# Funny Quotes



## Blake Bowden

"Everyone says that looks don't matter, age doesn't matter, money doesn't matter. But i never met a girl yet who has fallen in love with an old ugly man who's broke." - Rodney Dangerfield

"My best birth control now is just to leave the lights on." - Joan Rivers

"A drunk mans words are a sober man’s thoughts." - Steve Fergosi

"Not one man in a beer commercial has a beer belly." - Rita Rudner

"Sometimes people deserve a high five, in the face, with a chair."

"A bank is a place that will lend you money if you can prove you don’t need it." - Bob Hope

"I want to die peacefully in my sleep, like my grandfather.. Not screaming and yelling like the passengers in his car."

"Evening news is where they begin with 'Good evening', and then proceed to tell you why it isn't."

"The sole purpose of a child's middle name, is so he can tell when he's really in trouble."

"Never get into fights with ugly people, they have nothing to lose."

“Ah, yes, Divorce, from the Latin word meaning to rip out a man’s genitals through his wallet.” - Robin Williams

"My best birth control now is just to leave the lights on." Joan Rivers

"Learn to spell, kids.
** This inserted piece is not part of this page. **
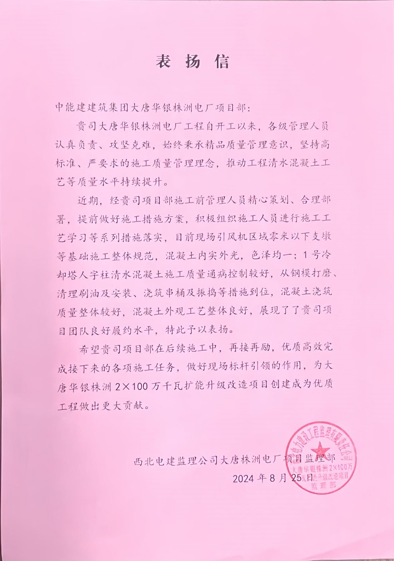 信中提到公司承建的株洲百万电厂工程自开工以来,各级管理人员认真负责、攻坚克难,始终乘承精品质量管理意识,坚持高标准、严要求的施工质量管理理念,推动工程清水混凝土工艺等质量水平持续提升。近期,在项目部施工前,管理人员精心策划、合理部署,提前做好施工措施方案,积极组织施工人员进行施工工艺学习等系列措施落实,目前现场引风机区域零米以下支墩等基础施工整体规范,混凝土内实外光,色泽均一;1号冷却塔人字柱清水混凝土施工质量通病控制较好,从钢模打磨清理刷油及安装、浇筑串桶及振捣等措施到位,混凝土浇筑质量整体较好,混凝土外观工艺整体良好,展现了项目团队良好履约水平,特此予以表扬。

Auto Correct isn't always write."

"Surprise sex is the best thing to wake up to, unless you're in prison."

"If you think nobody cares if you’re alive, try missing a couple of payments."

"If you can't dazzle them with brilliance, baffle them with bs."

"We live in a society where pizza gets to your house before the police."

"Men have two emotions: Hungry and Horny. If you see him without an erection, make him a sandwich."

"Having sex is like playing bridge. If you don’t have a good partner, you’d better have a good hand."

"Politicians and diapers have one thing in common. They should both be changed regularly, and for the same reason."

"Never, under any circumstances, take a sleeping pill and a laxative on the same night."

"A clear conscience is usually the sign of a bad memory."

"Sex is like air; it's not important unless you aren't getting any"

"Sex at age 90 is like trying to shoot pool with a rope."

"Children in the dark make accidents, but accidents in the dark make children."

"Money can’t buy happiness, but it sure makes misery easier to live with."

"Why didn’t Noah swat those two mosquitoes?"

"America is a country which produces citizens who will cross the ocean to fight for democracy but won’t cross the street to vote."

"There are two kinds of friends: those who are around when you need them, and those who are around when they need you."

"Foreign Aid: The transfer of money from poor people in rich countries to rich people in poor countries."

"A fine is a tax for doing wrong. A tax is a fine for doing well.

"You can easily judge the character of a man by how he treats those who can do nothing for him."

"Never be afraid to try something new. Remember, amateurs built the ark. Professionals built the Titanic."

"Getting married is very much like going to a restaurant with friends. You order what you want, then when you see what the other fellow has, you wish you had ordered that."

"Relationships are like fat people, most of them don't work out."

"When you see a man opening a car door for a woman it can only mean 1 of 2 things. Either the car is new or the woman is."

and the best one...

"Its so funny how the people who know the least about you, have the most to say."


----------



## Colby K

These are great!  The one about child's name got me. I'm 29 and I still hear that when I'm in trouble with my wife!


----------



## Jimmy Shields

Man those are great would you mind if I used a couple of those


----------